Andreas Rheinhardt June 11, 2022, 8:14 p.m. UTC | #1
Andreas Rheinhardt:
> x64 requires MMX, MMXEXT, SSE and SSE2; yet there is no shortage
> of code like the following:
> 
>     if (EXTERNAL_MMX(cpu_flags)) {
>         c->ssd_int8_vs_int16 = ff_ssd_int8_vs_int16_mmx;
>     }
>     if (EXTERNAL_SSE2(cpu_flags)) {
>         c->ssd_int8_vs_int16 = ff_ssd_int8_vs_int16_sse2;
>     }
> 
> Given that SSE2 is always present on x64, the only way
> for the mmx version to be chosen in the above example
> is if SSE2 has been disabled either at compile-time
> or at runtime, i.e. it is never used unless one shoots
> oneself in the foot.
> This patchset therefore disables such functions for x64
> by #if'ing them away; x86 has not been affected. This
> saves about 140KB.
> 
> (Another way to handle this would be to remove every function
> that would be overridden if one had a processor capable of
> MMX, MMXEXT, SSE and SSE2. x86 processors not fulfilling
> this requirement (which are truely ancient nowadays)
> would still work, but would be slower, i.e. they would be treated
> as second-class citizens. This would have the advantage of
> avoiding #ifs and would lighten x86 binaries of code that is
> not used at all by the overwhelming majority of users.
> I'll update this patchset if it is preferred to do it that way.)
> 

I have now implemented this other way mentioned above (i.e. removing
stuff that is overridden if SSE2 is available altogether also for
x86-32); the result can be seen here:
https://github.com/mkver/FFmpeg/commits/mmx2
I prefer this to the old version because of the reduced complexity which
dwarfs the potential to slow down some ancient systems a bit (if these
ancient systems use an up-to-date FFmpeg which is quite unlikely).
Furthermore, some of the MMX scale functions that are removed are
buggy/not bixexact. See
https://github.com/mkver/FFmpeg/commit/c5513ad962100040601b5eba0042692a740ac50a
(or shall I post these patches?)
Is anyone against this removal?

- Andreas
Andreas Rheinhardt June 20, 2022, 11:16 a.m. UTC | #2
Andreas Rheinhardt:
> Andreas Rheinhardt:
>> x64 requires MMX, MMXEXT, SSE and SSE2; yet there is no shortage
>> of code like the following:
>>
>>     if (EXTERNAL_MMX(cpu_flags)) {
>>         c->ssd_int8_vs_int16 = ff_ssd_int8_vs_int16_mmx;
>>     }
>>     if (EXTERNAL_SSE2(cpu_flags)) {
>>         c->ssd_int8_vs_int16 = ff_ssd_int8_vs_int16_sse2;
>>     }
>>
>> Given that SSE2 is always present on x64, the only way
>> for the mmx version to be chosen in the above example
>> is if SSE2 has been disabled either at compile-time
>> or at runtime, i.e. it is never used unless one shoots
>> oneself in the foot.
>> This patchset therefore disables such functions for x64
>> by #if'ing them away; x86 has not been affected.
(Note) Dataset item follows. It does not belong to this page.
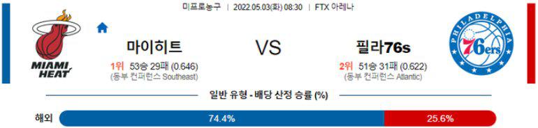 PO 1라운드에서 애틀란타를 4-1로 제압한 마이애미와 토론토를 4-2로 꺽고 올라온 필라델피아의 PO 2라운드 1차전 이다. 필라델피아는 엄지손가락 인대 파열로 부상 투혼을 펼치고 있던 조엘 엠비드가 토론토와 6차전 직후 안면 골절까지 생기면서 부상자 명단에 이름을 올리는 대형악재가 발생했다. 상대의 장단점을 정확하게 파악하고 맞춤형 수비 전술과 선수 매치업을 가져가고 있는 마이애미가 홈에서 주도권을 가져갈 것이다. 마이애미 승리 가능성을 추천 한다.

This
>> saves about 140KB.
>>
>> (Another way to handle this would be to remove every function
>> that would be overridden if one had a processor capable of
>> MMX, MMXEXT, SSE and SSE2. x86 processors not fulfilling
>> this requirement (which are truely ancient nowadays)
>> would still work, but would be slower, i.e. they would be treated
>> as second-class citizens. This would have the advantage of
>> avoiding #ifs and would lighten x86 binaries of code that is
>> not used at all by the overwhelming majority of users.
>> I'll update this patchset if it is preferred to do it that way.)
>>
> 
> I have now implemented this other way mentioned above (i.e. removing
> stuff that is overridden if SSE2 is available altogether also for
> x86-32); the result can be seen here:
> https://github.com/mkver/FFmpeg/commits/mmx2
> I prefer this to the old version because of the reduced complexity which
> dwarfs the potential to slow down some ancient systems a bit (if these
> ancient systems use an up-to-date FFmpeg which is quite unlikely).
> Furthermore, some of the MMX scale functions that are removed are
> buggy/not bixexact. See
> https://github.com/mkver/FFmpeg/commit/c5513ad962100040601b5eba0042692a740ac50a
> (or shall I post these patches?)
> Is anyone against this removal?
> 

Given that no one was against removing these old functions, but several
people (on IRC) supported the idea I will go ahead and do it. I will
apply https://github.com/mkver/FFmpeg/commits/mmx3 (an updated and
extended version of the branch linked to above) in two days unless there
are objections.
(I can also send this to the mailing list if desired.)

- Andreas